Nitric oxide (NO) is an important endogenously produced molecule. Ruthenium–NO tetraamine complexes appear as model structures to investigate the control of nitric oxide bioavailability. NO release typically occurs through the trans-[Ru^II(NH₃)₄L_trans(NO⁺)]^3+/2+ + e⁻ → trans-[Ru^II(NH₃)₄L_trans(NO⁰)]^2+/+ reduction reaction, followed by the trans-[Ru^II(NH₃)₄L_trans(NO⁰)]^2+/+ + H₂O → trans-[Ru^II(NH₃)₄L_trans(H₂O)]^2+/+ + NO⁰ hydrolysis reaction. The choice of the NO trans ligand, L_trans, is fundamental to control the Ru–NO bond stability. Here, the nature and charge influences of L_trans were evaluated considering the following ligands L_trans = σ-donors (NH₃ and H⁻), π-donors (H₂O and NH₂⁻), and π-donors and π-acceptors (CO and CN⁻) through the ZORA-BP86/TZ2P computational model. Energy Decomposition Analysis in conjunction with the Natural Orbitals for Chemical Valence methodology (EDA-NOCV) showed that molecules with L_trans = H₂O and NH₂⁻ promoted larger Ru–NO stabilization than complexes with L_trans = NH₃ and H⁻, respectively, mainly due to the interaction orbital energy (ΔE_oi).
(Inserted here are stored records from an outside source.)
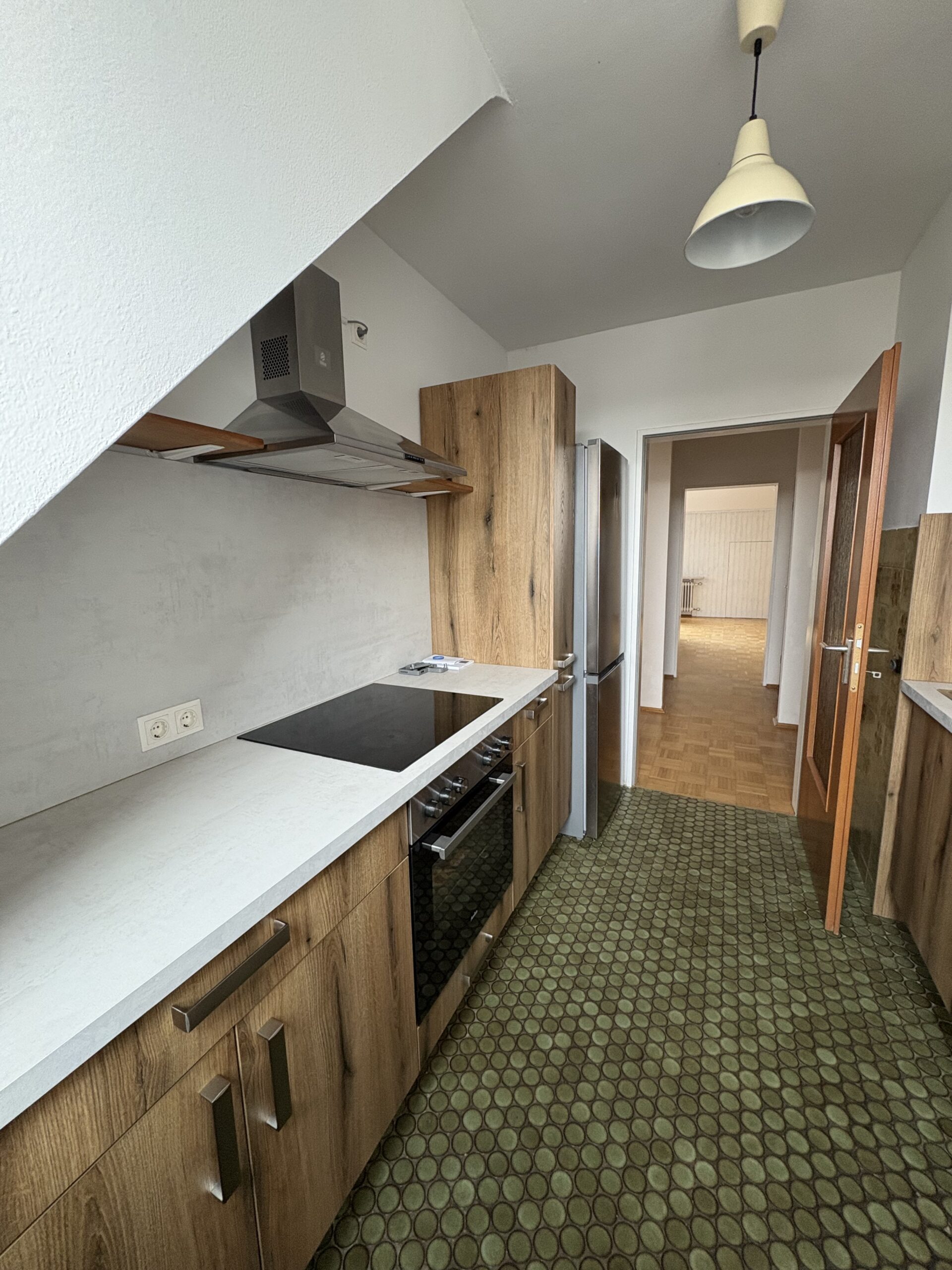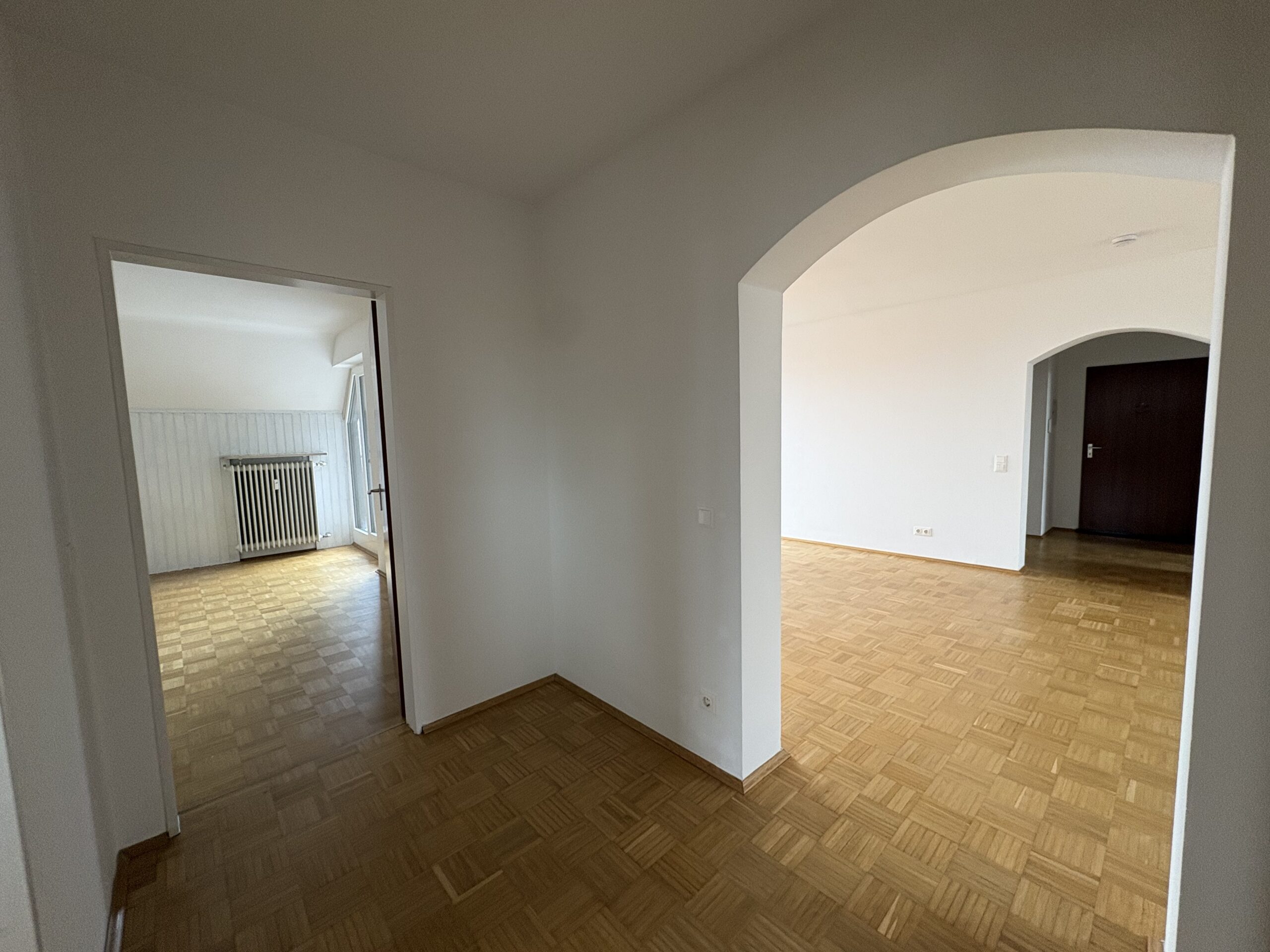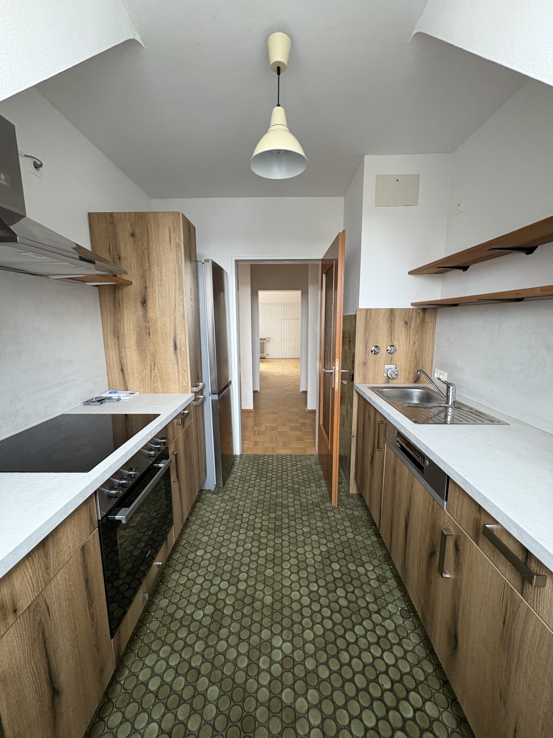 Vom Eingangsbereich gelangen Sie zunächst in eine separate Garderobe mit angrenzendem Gäste-WC. Die Wohnung verfügt über drei Schlafräume, ein komfortables Badezimmer, einen großzügigen Wohn- und Essbereich sowie eine separate Küche. Die vorhandene, erst vor rund zwei Jahren installierte Einbauküche befindet sich in sehr gepflegtem Zustand und ist Bestandteil der Wohnung.
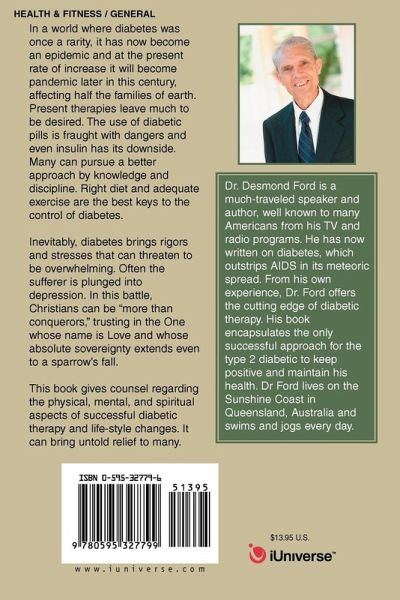 In a world where diabetes was once a rarity, it has now become an epidemic and at the present rate of increase it will become pandemic later in this century, affecting half the families of earth. Present therapies leave much to be desired. The use of diabetic pills is fraught with dangers and even insulin has its downside. Many can pursue a better approach by knowledge and discipline. Right diet and adequate exercise are the best keys to the control of diabetes. Inevitably, diabetes brings rigors and stresses that can threaten to be overwhelming. Often the sufferer is plunged into depression. In this battle, Christians can be "more than conquerors," trusting in the One whose name is Love and whose absolute sovereignty extends even to a sparrow's fall. This book gives counsel regarding the physical, mental, and spiritual aspects of successful diabetic therapy and life-style changes. It can bring untold relief to many.
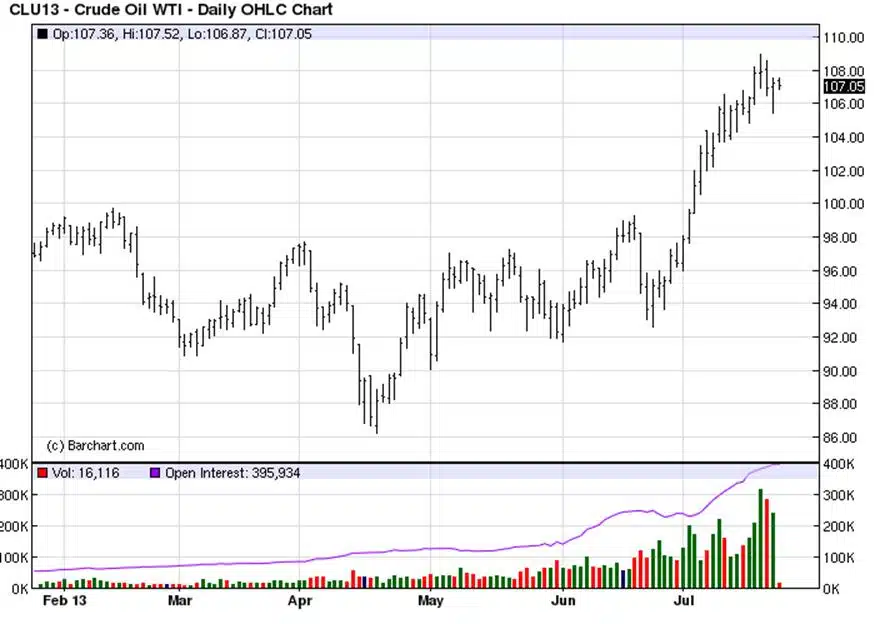 Afgelopen week kwam de prijs van een vat West Texas Intermediate (WTI) voor het eerst in 3 jaar boven die van een vat Brentolie te liggen. Vrijdag 19 juli kostte WTI $107,90. In augustus 2010 begon er een prijsverschil te groeien tussen Brent en WTI te groeien. In 2012 bedroeg het gemiddeld $ 17,50 per vat. In de loop van 2013 is het verschil in prijs steeds kleiner geworden.
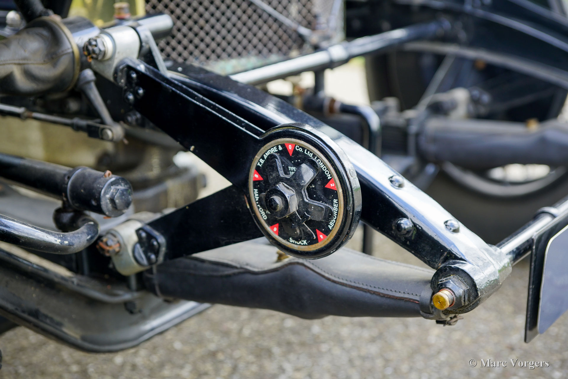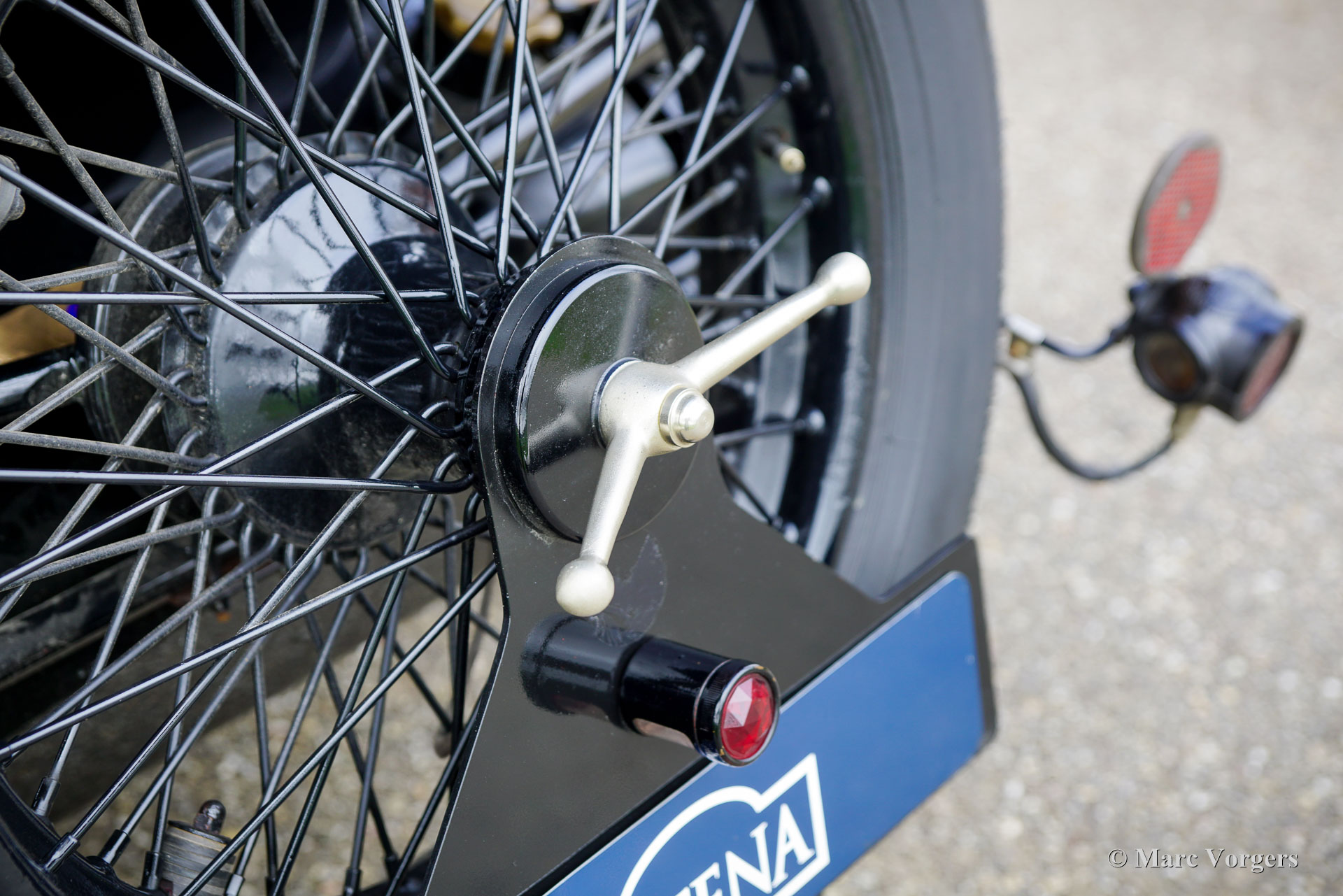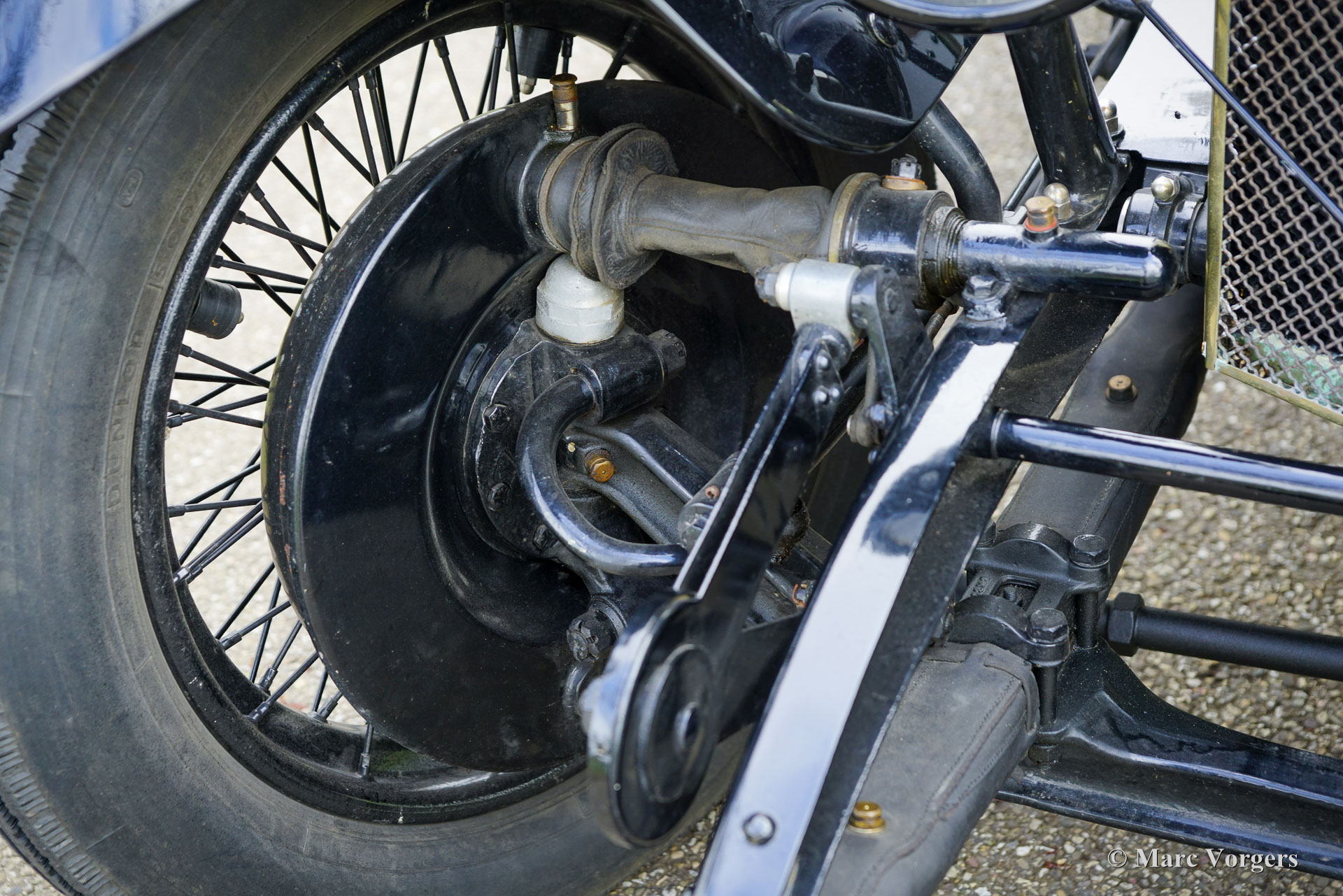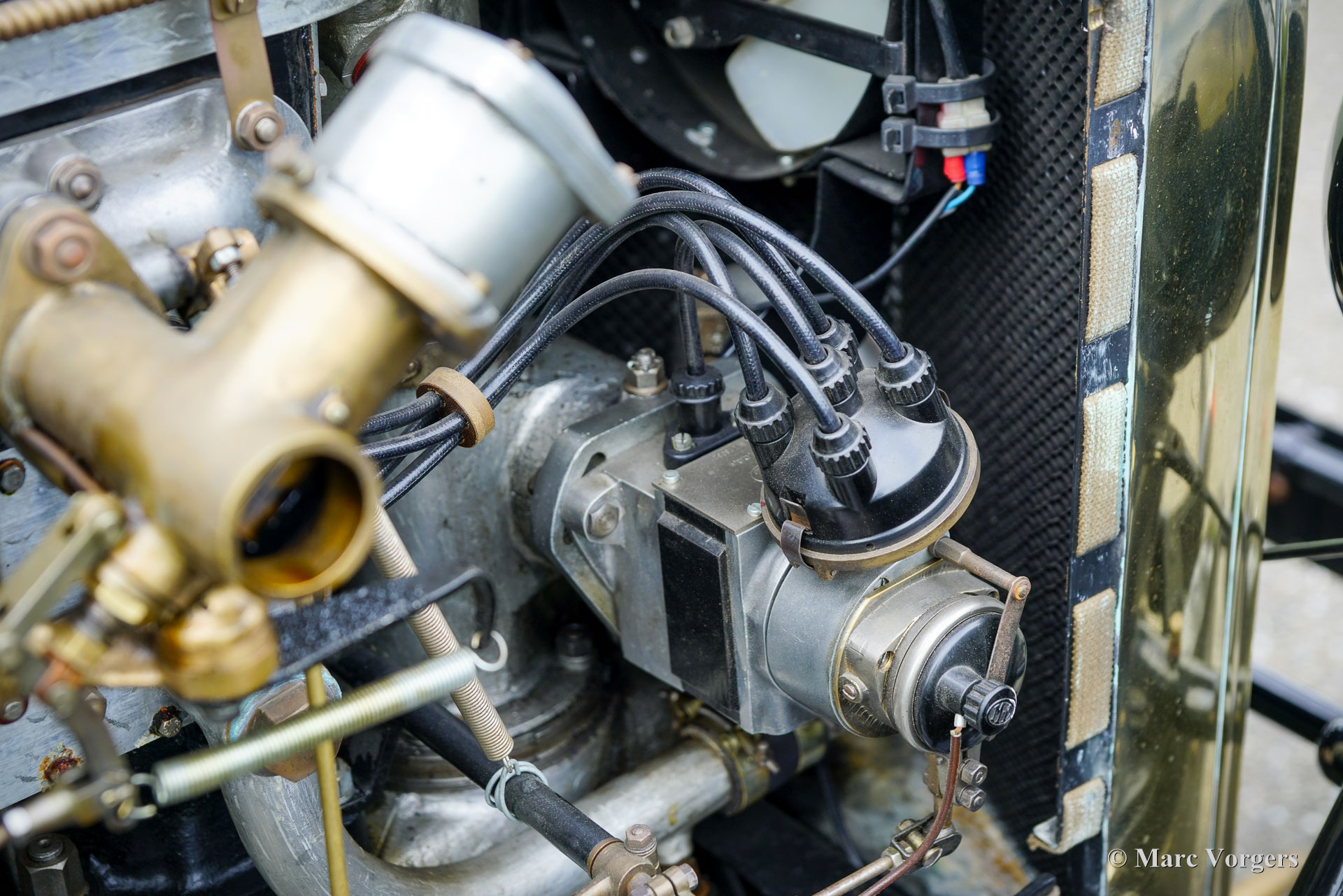 The Bentley 3 Litre was W.O. Bentley’s first design. The car was presented in 1919 but the first cars were sold in 1921. The four cylinder cars of rugged construction where in a class of their own for they combined the size and comfort of the big tourers and saloons with the road holding, and speed of the smaller sports- and racing cars. The Bentley was a true owner-driver car for the sporting motorist and connoisseur. The Bentley car could be had in three different types which were designated with three different radiator badges*. Red badge: short chassis speed model, Blue badge: the early short and then long chassis type for bespoke bodywork, Green badge: very rare and used for about eighteen 100 mph. These Green badge car won at Le Mans in 1924 and 1927 (Old Number Seven.) The 3-Litre was built from 1919 until 1929.
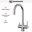 Рычаг для включения фильтрованной воды применяется в современных комбинированных смесителях, где из одного и того же излива подается и водопроводная, и питьевая вода. Такие смесители типа «два в одном» отличаются от обычных тем, что имеют не два подключения, а три, где третье соединяет смеситель с фильтром. Очищенная вода подается по изолированной трубке, проходящей внутри излива. Для удаления накипи, солей металлов, микроорганизмов и прочих вредных примесей могут применяться различные типы фильтров. Проточные фильтры устанавливаются под мойкой и включают несколько картриджей, которые необходимо менять по мере использования. С их помощью можно избавиться от таких примесей, как железо, хлор и многие другие. Устройства с системой обратного осмоса оснащаются диффузором, включающим картриджи для предварительной очистки и осмотическую мембрану, задерживающую практически все вредные примеси.

The opposite trend was observed in compounds with L_trans = CO and CN⁻ compared to structures with L_trans = H₂O and NH₂⁻. The study of the charge distribution, performed using the Voronoi Deformation Density (VDD) method, and the topological analysis of the electron density, realized using the Quantum Theory of Atoms in Molecules (QTAIM), on the investigated complexes indicated that L_trans with negative charge promoted, in general, predominantly a decrease of the electron flux in the L_trans(σ) → Ru(d_σ*) ← NO(σ) process.